Dataset content.
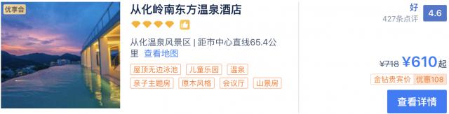 3)廣州從化嶺南東方溫泉酒店山景溫泉標(biāo)準(zhǔn)房2晚可拆分(不含早期 沒有房間泡池一池) 天游泳池泡池,699元;2晚含早; 1池溫泉水 天游泳池泡池,899元;園景溫泉雙臥套房1晚含4人早餐。 餐飲券200元 1池溫泉水,1299元
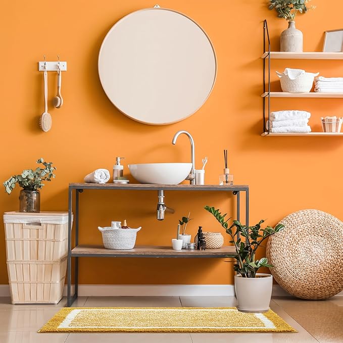 - 【Machine washable】This bathroom floor mats are machine washable with cold water and mild detergent (no chlorine or bleach) hang air dry. The Color will not fade and stay vibrant for years after washing it.
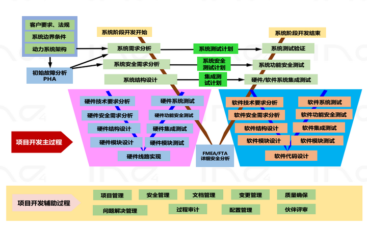 高质量、高安全的动力电池如何判定呢?必须要掌握电池管理系统(BMS)的“理”是什么?如何表现?好的电池管理系统一定要按照ISO26262国际标准研发、开发的。ISO 26262标准的目的是使得人们对安全相关功能有一个更好的理解,并尽可能明确地对它们进行解释,同时为避免这些风险提供了可行性的要求和流程。主要是双V模式(见图4)。
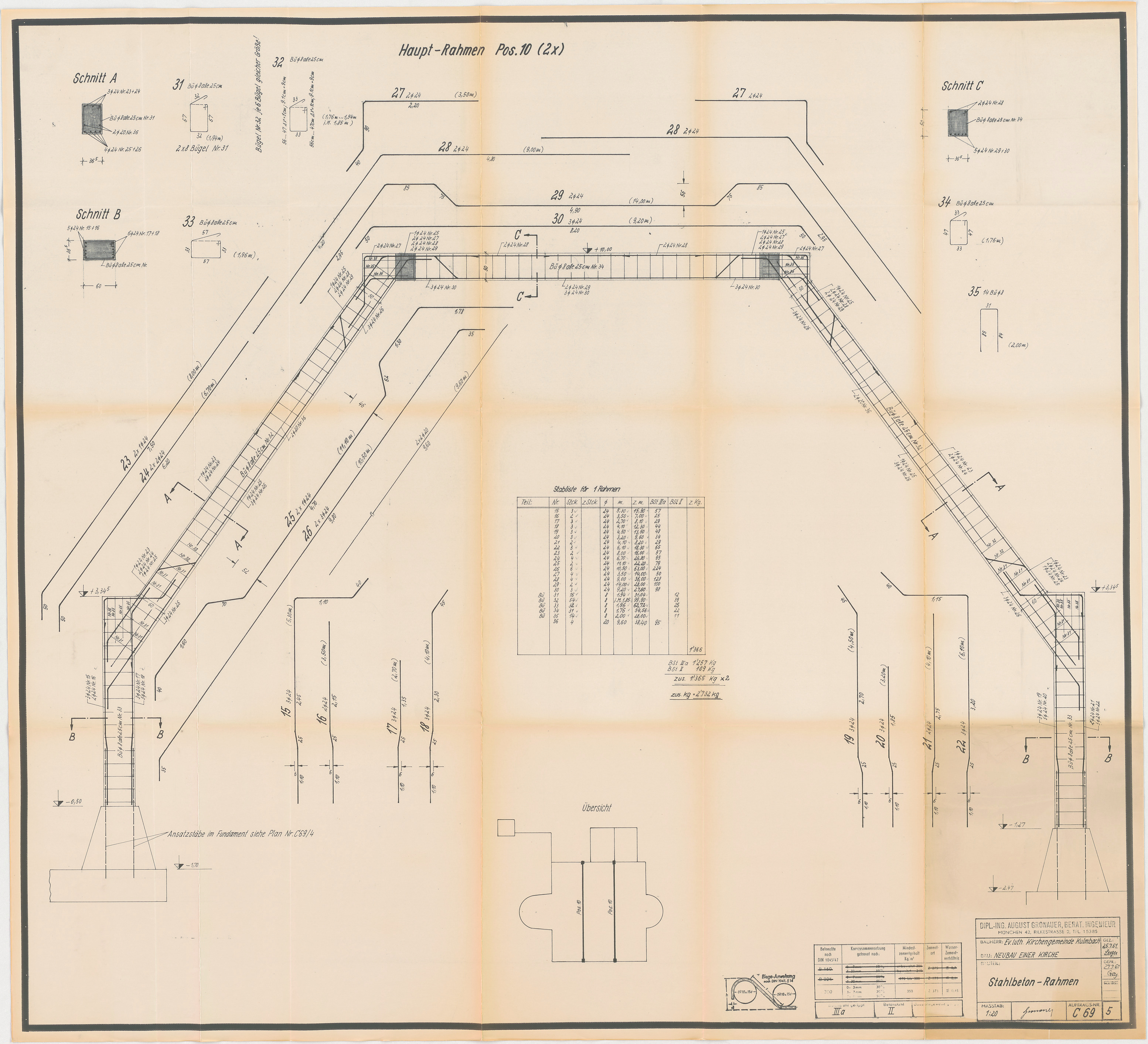 - Stahlbetonrahmen (Übersicht; Schnitt; Detailschnitte)

Exercise objective. Transcribe, without alteration, each line from the one with "- 【Machine washable】This" through the last line of the data; no pictures belong in the copy.

Response for this exercise.
 - 【Machine washable】This bathroom floor mats are machine washable with cold water and mild detergent (no chlorine or bleach) hang air dry. The Color will not fade and stay vibrant for years after washing it.
 高质量、高安全的动力电池如何判定呢?必须要掌握电池管理系统(BMS)的“理”是什么?如何表现?好的电池管理系统一定要按照ISO26262国际标准研发、开发的。ISO 26262标准的目的是使得人们对安全相关功能有一个更好的理解,并尽可能明确地对它们进行解释,同时为避免这些风险提供了可行性的要求和流程。主要是双V模式(见图4)。
 - Stahlbetonrahmen (Übersicht; Schnitt; Detailschnitte)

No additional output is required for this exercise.